• [TASK BRIEF]: Nothing but the lines from the one containing "-Загальна площа 47.2 кв.м;" to the end of the data should be copied, exactly, and the pictures stay out.

• [INPUT RECORDS]:
=== Begin Enclosure ===
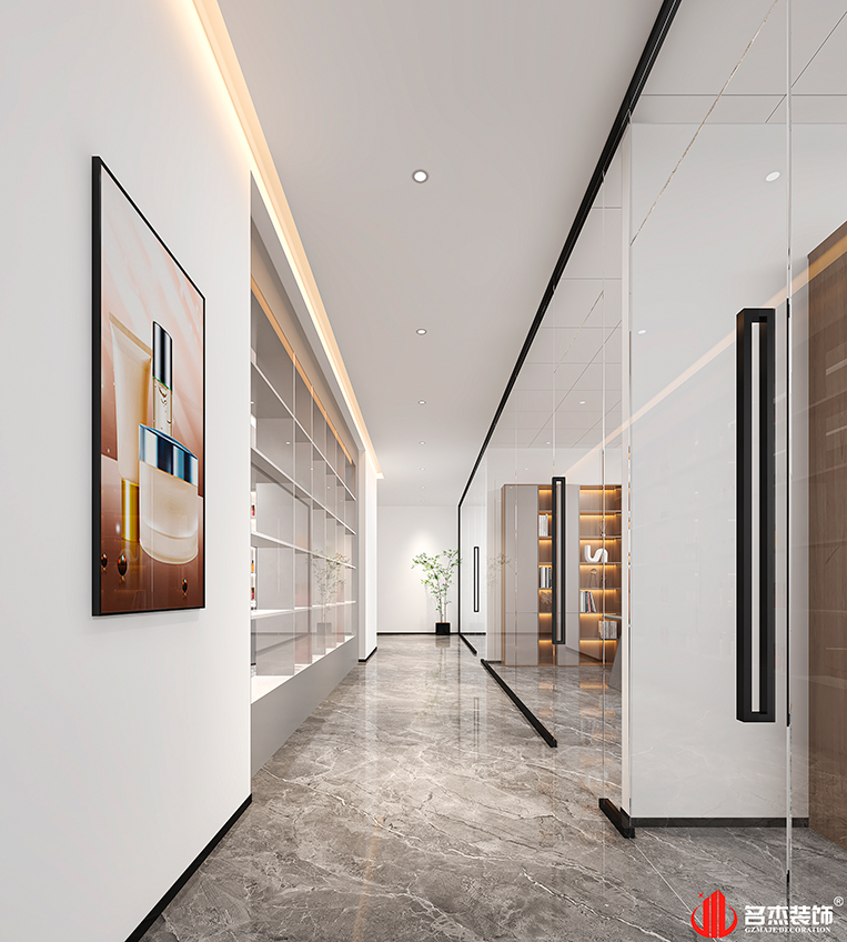 這是一家從事化妝品銷售和批發以及制造的企業,屬于化妝品行業,對于辦公室裝修設計空間的動態規劃是有一定的理解的,因此需要設計團隊要對這方面有著重點規劃。設計團隊為其定制一個時尚簡約風格,配合企業LOGO色,來作為這次辦公室裝修設計空間的主導風格。
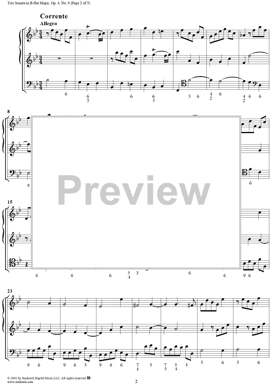 Digital Sheet Music for Trio Sonata in Bb Major - Op. 4, No. 9 - Score by Arcangelo Corelli scored for Trio Sonata; id:272607
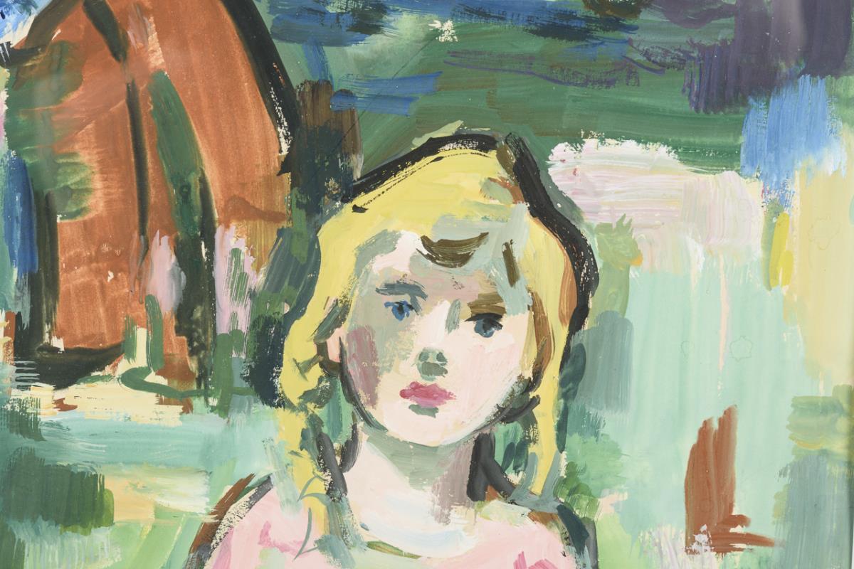 Mädchen mit Korb im Garten nahe einer Sonnenblume und der arbeitenden Mutter.
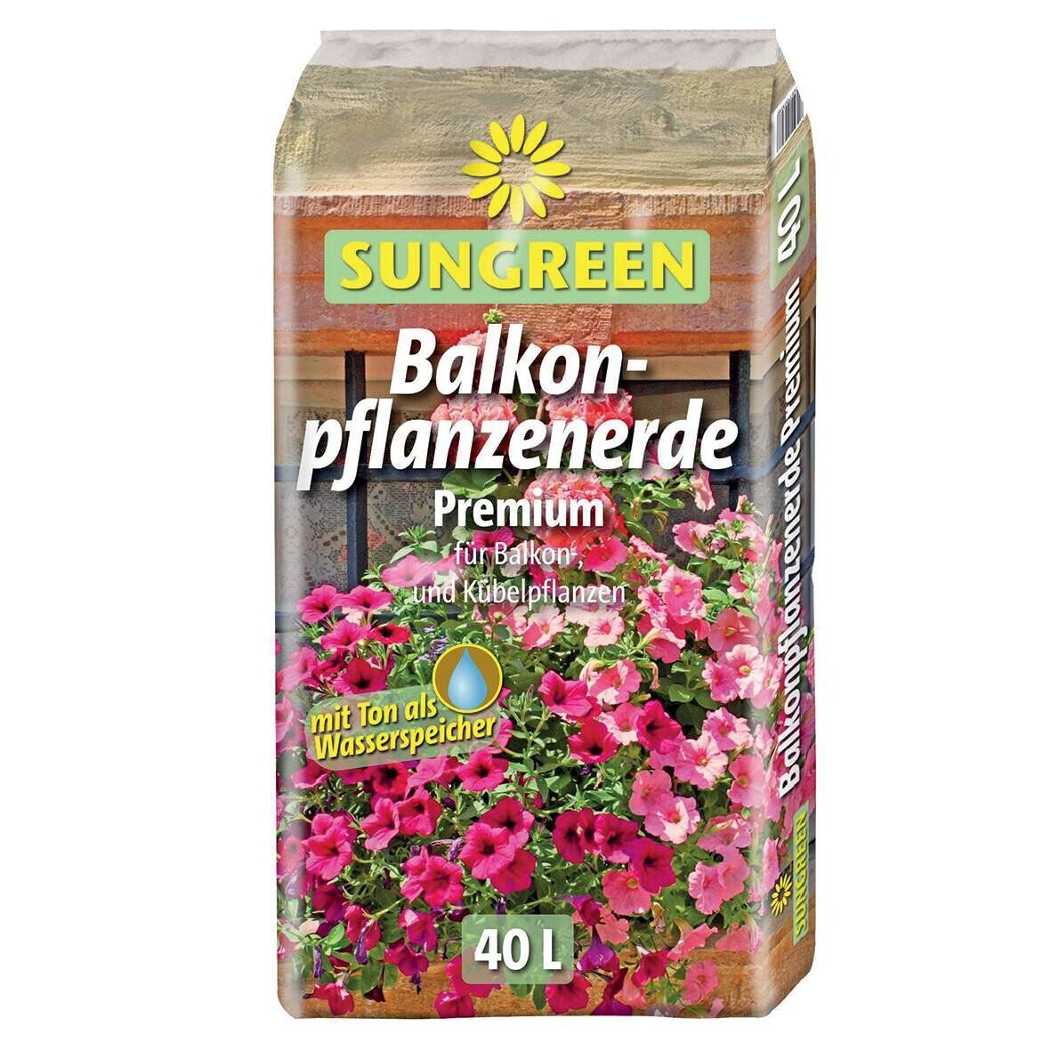Sungreen Balkonpflanzerde Premiumist eine mit Ton angereicherte und gebrauchsfertige Spezialerde für höchste Ansprüche
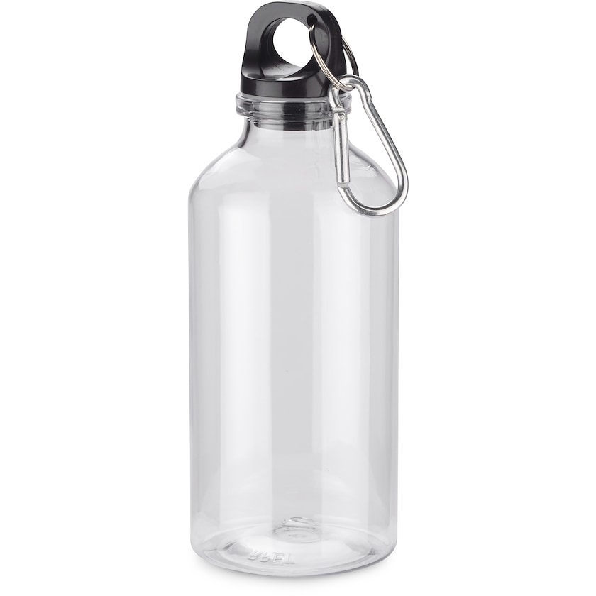 Kierrätetystä muovista valmistettu läpinäkyvä vesipullo. Alameda on kevyt ja varustettu karabiinihaalla, jotta se voidaan kiinnittää esimerkiksi reppuun.
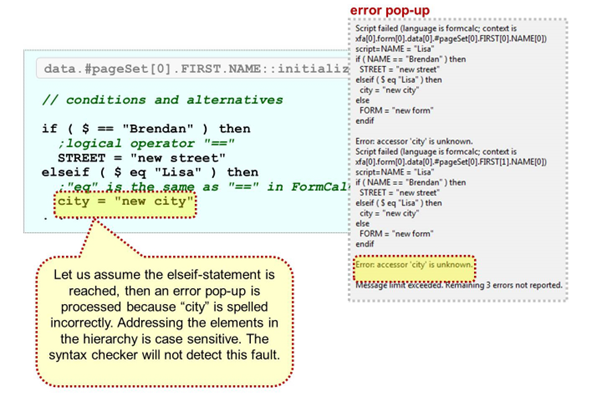The figure above shows one of the most common mistakes in scripting. ABAP developers, especially, need some time adapt to the case sensitivity of field names.
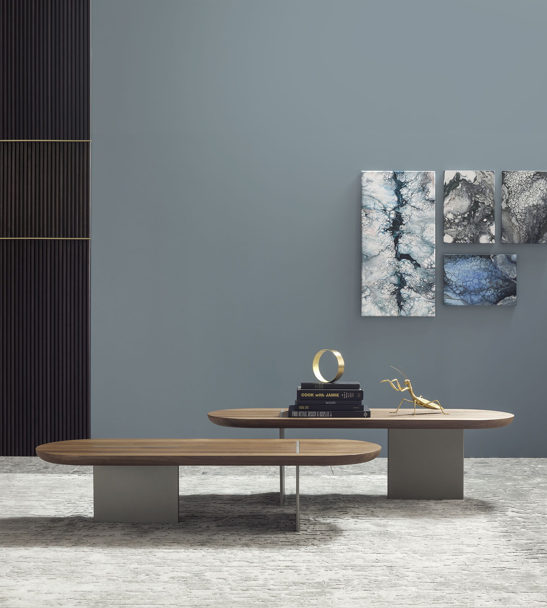 Coffee Tables with base in rounded, epoxy powder-coated metal and champagne finish.
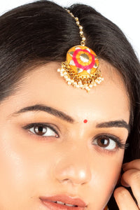 Bring warmth to your festive look with the Sunrise Bloom Tikka, a blend of pink and mustard yellow embroidery, accented with a delicate pearl. Perfect for mehendi or haldi ceremonies, this tikka captures the joy of celebration. Style it with matching jhumkas for a lively, colorful vibe.
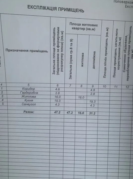 -Загальна площа 47.2 кв.м;
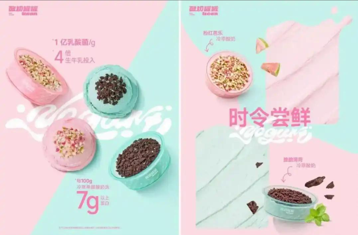 “喝酸奶”系列成功后,酸奶罐罐以酸奶为圆心继续拓品类,增加“吃酸奶”系列,从当下最火的“干噎酸奶”切入,做出了粉红芭乐冷萃酸奶、脆脆薄荷冷萃酸奶两个爆款,还研发了酸奶大福等甜品。
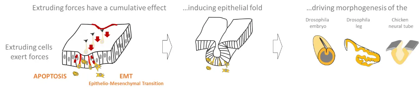 – comment l’extrusion cellulaire, y compris l’apoptose et la transition épithéliale, est pilotée mécaniquement
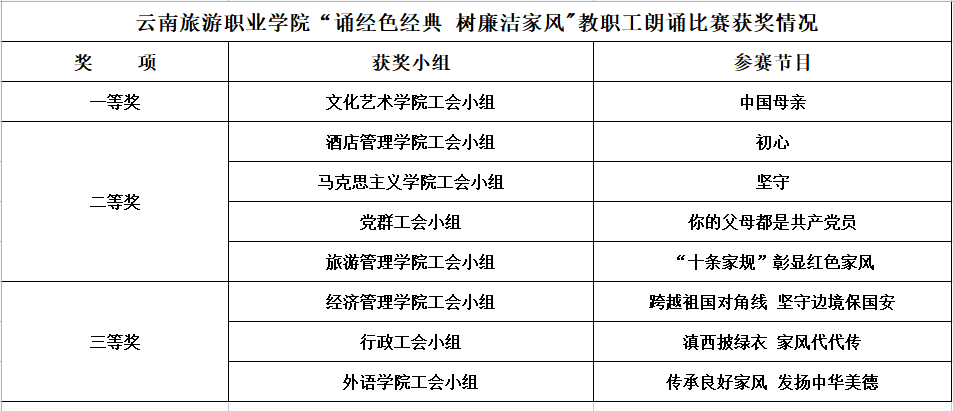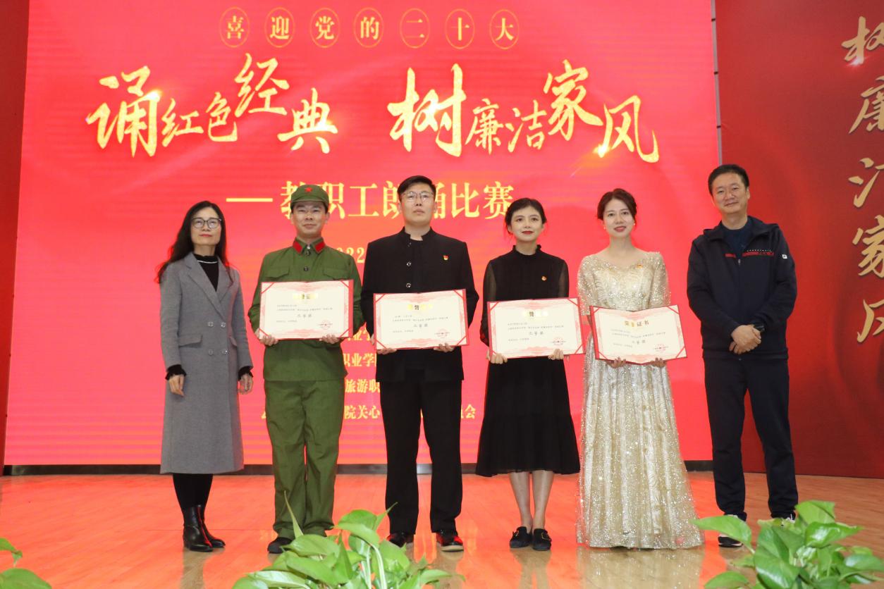 为深入学习贯彻习近平总书记关于党风廉政建设和家庭家教家风建设的重要论述精神,教育引导广大教职员工从红色经典中继承和庚续革命前辈的好家风、好作风,传承中华民族传统美德,以良好家风助推“五清旅院”建设。10月12日下午,学校党委宣传部、工会、共青团、关工委联合举办“诵红色经典 树廉洁家风”教职工朗诵比赛,13个工会小组,60余位参赛教职员工,以主题朗诵共同喜迎党的二十大胜利召开,创新推动趣味盎然、气氛浓烈、师生共同参与的教职工政治理论学习形式。
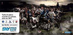 SKY vanta l'esclusiva dei principali eventi sportivi e i diritti di tutte le squadre di calcio che vediamo epicamente rappresentate nelle immagini delle affissioni con una mandria di migliaia di calciatori che corrono agguerriti tra i prati verdi con il pallone tra i piedi.
=== End Enclosure ===
• [ANSWER AREA]:
 -Загальна площа 47.2 кв.м;
 “喝酸奶”系列成功后,酸奶罐罐以酸奶为圆心继续拓品类,增加“吃酸奶”系列,从当下最火的“干噎酸奶”切入,做出了粉红芭乐冷萃酸奶、脆脆薄荷冷萃酸奶两个爆款,还研发了酸奶大福等甜品。
 – comment l’extrusion cellulaire, y compris l’apoptose et la transition épithéliale, est pilotée mécaniquement
 为深入学习贯彻习近平总书记关于党风廉政建设和家庭家教家风建设的重要论述精神,教育引导广大教职员工从红色经典中继承和庚续革命前辈的好家风、好作风,传承中华民族传统美德,以良好家风助推“五清旅院”建设。10月12日下午,学校党委宣传部、工会、共青团、关工委联合举办“诵红色经典 树廉洁家风”教职工朗诵比赛,13个工会小组,60余位参赛教职员工,以主题朗诵共同喜迎党的二十大胜利召开,创新推动趣味盎然、气氛浓烈、师生共同参与的教职工政治理论学习形式。
 SKY vanta l'esclusiva dei principali eventi sportivi e i diritti di tutte le squadre di calcio che vediamo epicamente rappresentate nelle immagini delle affissioni con una mandria di migliaia di calciatori che corrono agguerriti tra i prati verdi con il pallone tra i piedi.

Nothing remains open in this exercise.